Re: This approach to non-ASCII names does not work

From
Bruce Momjian
Date:
Tom Lane wrote:
> openjade -V draft-mode -wall -wno-unused-param -wno-empty -D . -c /usr/share/sgml/docbook/dsssl-stylesheets/catalog
-dstylesheet.dsl -i output-html -t sgml postgres.sgml 
> openjade:release.sgml:567:14:E: "353" is not a character number in the document character set
> openjade:release.sgml:1085:56:E: "305" is not a character number in the document character set
> openjade:release.sgml:1085:63:E: "305" is not a character number in the document character set
> openjade:release.sgml:1497:35:E: "305" is not a character number in the document character set
> openjade:release.sgml:1497:42:E: "305" is not a character number in the document character set
> openjade:release.sgml:1662:38:E: "305" is not a character number in the document character set
> openjade:release.sgml:1662:45:E: "305" is not a character number in the document character set
> make: *** [html] Error 1

Wow, our documentation characterset is "ISO-8859-1":

    CONTENT="text/html; charset=ISO-8859-1"

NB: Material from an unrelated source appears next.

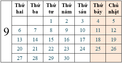 Điền vào chỗ trống: Tờ lịch trên cho biết tháng 9

Should we change it to UTF8?

--
  Bruce Momjian   bruce@momjian.us
  EnterpriseDB    http://www.enterprisedb.com

  + If your life is a hard drive, Christ can be your backup. +

Re: This approach to non-ASCII names does not work

From
Tom Lane
Date:
Bruce Momjian <bruce@momjian.us> writes:
> Tom Lane wrote:
>> openjade:release.sgml:567:14:E: "353" is not a character number in the document character set

> Wow, our documentation characterset is "ISO-8859-1":
>     CONTENT="text/html; charset=ISO-8859-1"
> Should we change it to UTF8?

I'm betting you should change those numbers from octal to decimal,
actually.

            regards, tom lane

Re: This approach to non-ASCII names does not work

From
Bruce Momjian
Date:
Tom Lane wrote:
> Bruce Momjian <bruce@momjian.us> writes:
> > Tom Lane wrote:
> >> openjade:release.sgml:567:14:E: "353" is not a character number in the document character set
>
> > Wow, our documentation characterset is "ISO-8859-1":
> >     CONTENT="text/html; charset=ISO-8859-1"
> > Should we change it to UTF8?
>
> I'm betting you should change those numbers from octal to decimal,
> actually.

Those numbers are decimal, but certainly cannot be represented in
ISO-8859-1.  They are multi-byte, one is Turkish.

--
  Bruce Momjian   bruce@momjian.us
  EnterpriseDB    http://www.enterprisedb.com

  + If your life is a hard drive, Christ can be your backup. +

Re: This approach to non-ASCII names does not work

From
Bruce Momjian
Date:
Bruce Momjian wrote:
> Tom Lane wrote:
> > Bruce Momjian <bruce@momjian.us> writes:
> > > Tom Lane wrote:
> > >> openjade:release.sgml:567:14:E: "353" is not a character number in the document character set
> >
> > > Wow, our documentation characterset is "ISO-8859-1":
> > >     CONTENT="text/html; charset=ISO-8859-1"
> > > Should we change it to UTF8?
> >
> > I'm betting you should change those numbers from octal to decimal,
> > actually.
>
> Those numbers are decimal, but certainly cannot be represented in
> ISO-8859-1.  They are multi-byte, one is Turkish.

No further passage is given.